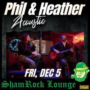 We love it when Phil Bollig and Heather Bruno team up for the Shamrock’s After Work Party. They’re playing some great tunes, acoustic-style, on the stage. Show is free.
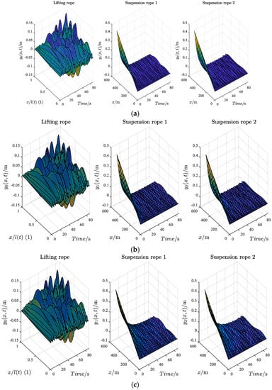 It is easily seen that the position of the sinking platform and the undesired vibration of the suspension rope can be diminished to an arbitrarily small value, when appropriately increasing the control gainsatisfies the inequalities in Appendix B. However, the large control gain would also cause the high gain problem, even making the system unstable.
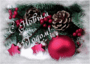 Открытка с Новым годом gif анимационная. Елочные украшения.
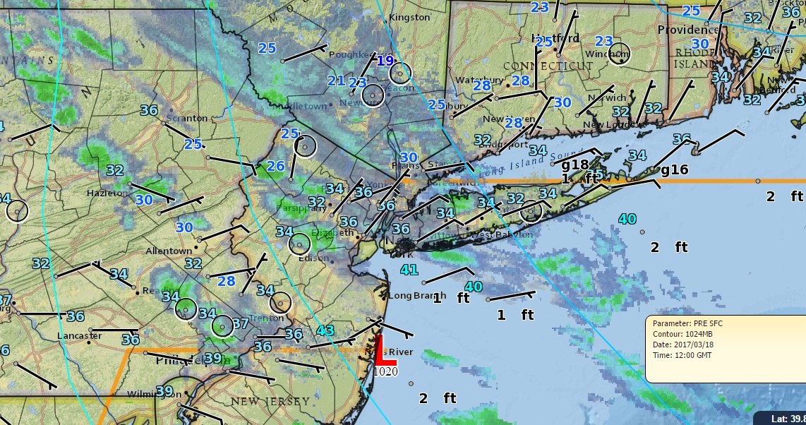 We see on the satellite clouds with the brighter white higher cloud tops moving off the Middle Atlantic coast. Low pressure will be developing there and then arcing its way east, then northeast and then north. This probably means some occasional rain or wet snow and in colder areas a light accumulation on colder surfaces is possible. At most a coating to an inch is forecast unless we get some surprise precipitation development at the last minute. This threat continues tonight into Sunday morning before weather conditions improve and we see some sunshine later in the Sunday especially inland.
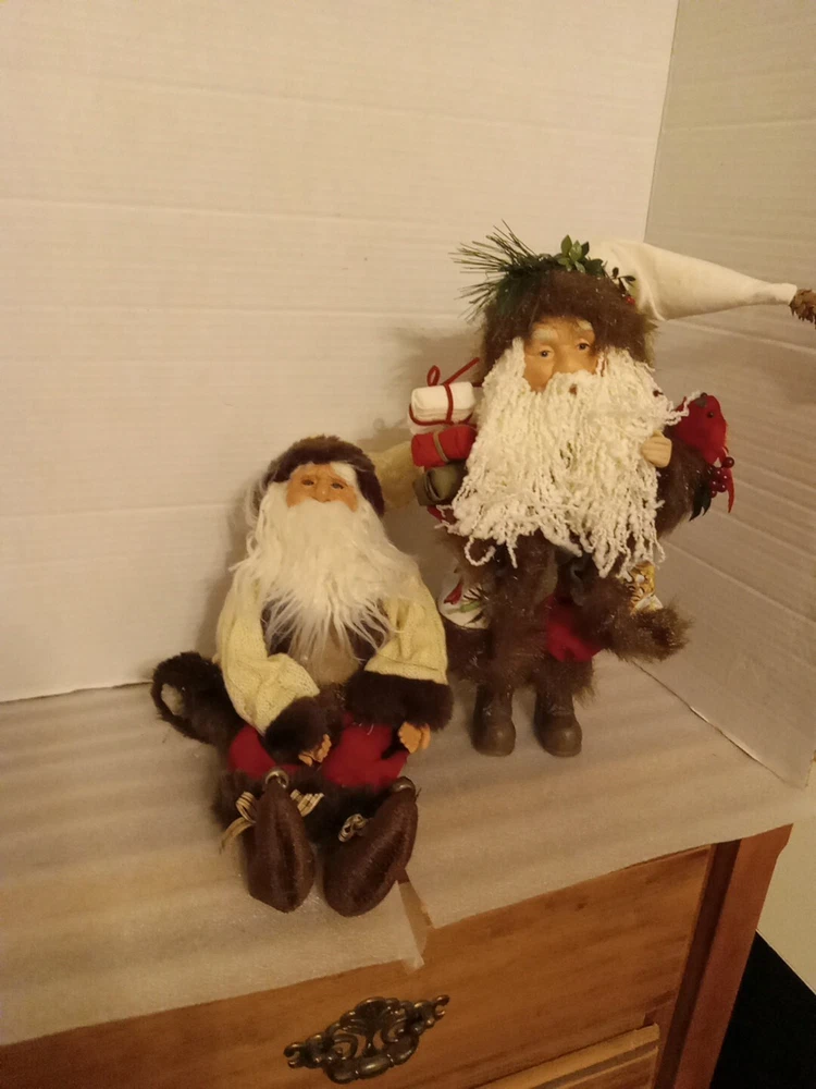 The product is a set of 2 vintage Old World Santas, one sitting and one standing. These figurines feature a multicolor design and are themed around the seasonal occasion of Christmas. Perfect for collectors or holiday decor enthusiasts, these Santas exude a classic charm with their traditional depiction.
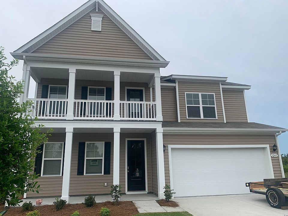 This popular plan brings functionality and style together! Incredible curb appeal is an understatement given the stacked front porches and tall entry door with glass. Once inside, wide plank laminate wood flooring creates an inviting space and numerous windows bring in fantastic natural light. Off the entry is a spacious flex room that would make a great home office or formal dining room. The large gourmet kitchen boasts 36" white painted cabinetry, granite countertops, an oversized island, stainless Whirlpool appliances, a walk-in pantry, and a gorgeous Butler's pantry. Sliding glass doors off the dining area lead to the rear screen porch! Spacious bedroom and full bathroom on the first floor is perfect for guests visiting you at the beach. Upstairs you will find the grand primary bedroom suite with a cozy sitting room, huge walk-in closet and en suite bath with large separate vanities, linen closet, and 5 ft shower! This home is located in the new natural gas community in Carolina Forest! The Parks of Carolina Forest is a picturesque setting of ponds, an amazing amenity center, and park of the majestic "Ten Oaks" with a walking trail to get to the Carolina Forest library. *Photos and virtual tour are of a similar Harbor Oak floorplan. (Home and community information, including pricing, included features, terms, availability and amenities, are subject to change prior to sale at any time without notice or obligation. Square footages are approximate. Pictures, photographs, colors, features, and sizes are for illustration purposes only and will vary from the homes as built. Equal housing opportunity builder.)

# # # # # # #

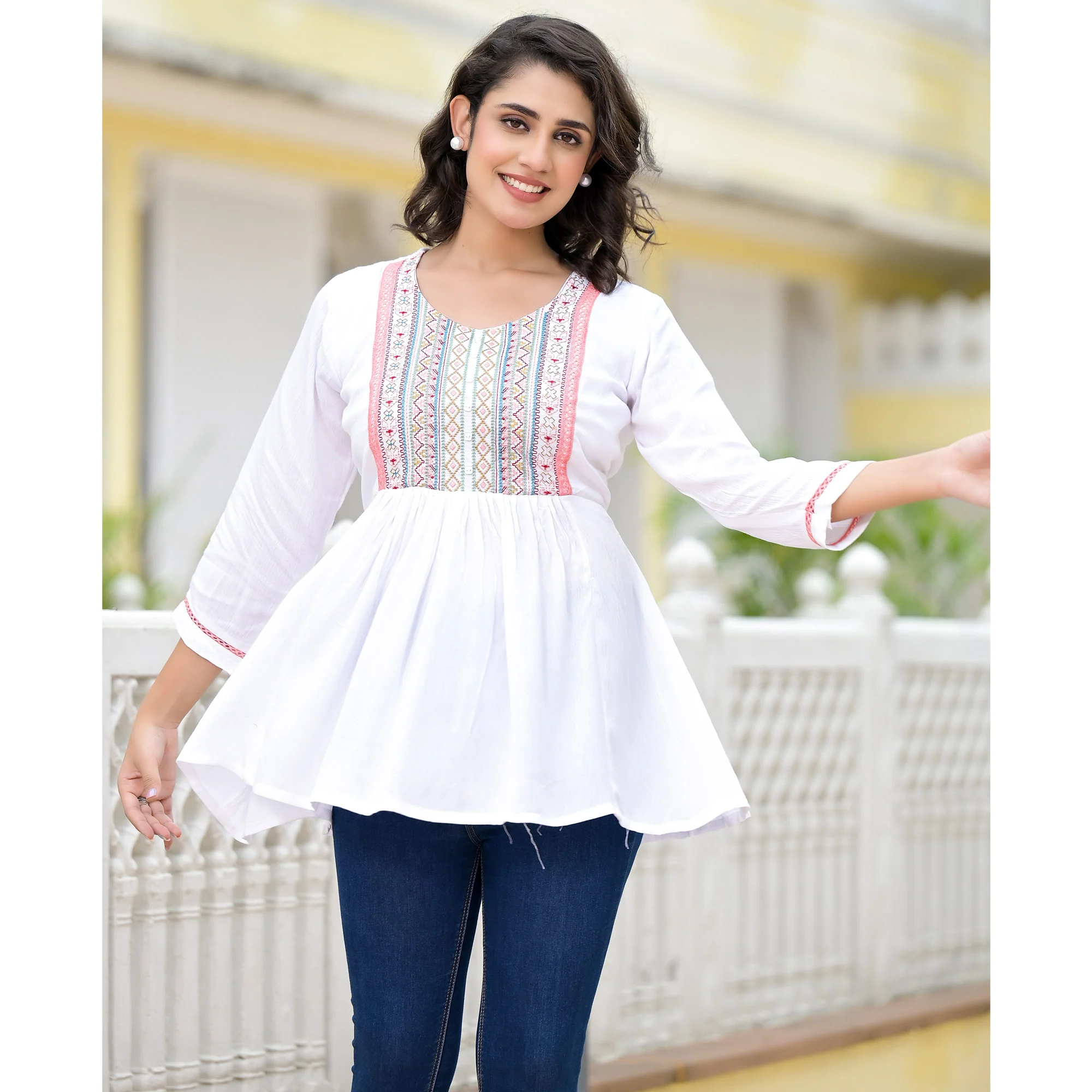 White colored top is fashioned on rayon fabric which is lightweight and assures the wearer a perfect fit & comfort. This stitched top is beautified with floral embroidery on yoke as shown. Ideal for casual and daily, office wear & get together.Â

# # # # # # #

## [Work to be completed]
Although the records hold pictures, the copy must not; give again exactly the lines from the one with "We love it when" through the one with "We see on the".

## [Exercise output]
 We love it when Phil Bollig and Heather Bruno team up for the Shamrock’s After Work Party. They’re playing some great tunes, acoustic-style, on the stage. Show is free.
 It is easily seen that the position of the sinking platform and the undesired vibration of the suspension rope can be diminished to an arbitrarily small value, when appropriately increasing the control gainsatisfies the inequalities in Appendix B. However, the large control gain would also cause the high gain problem, even making the system unstable.
 Открытка с Новым годом gif анимационная. Елочные украшения.
 We see on the satellite clouds with the brighter white higher cloud tops moving off the Middle Atlantic coast. Low pressure will be developing there and then arcing its way east, then northeast and then north. This probably means some occasional rain or wet snow and in colder areas a light accumulation on colder surfaces is possible. At most a coating to an inch is forecast unless we get some surprise precipitation development at the last minute. This threat continues tonight into Sunday morning before weather conditions improve and we see some sunshine later in the Sunday especially inland.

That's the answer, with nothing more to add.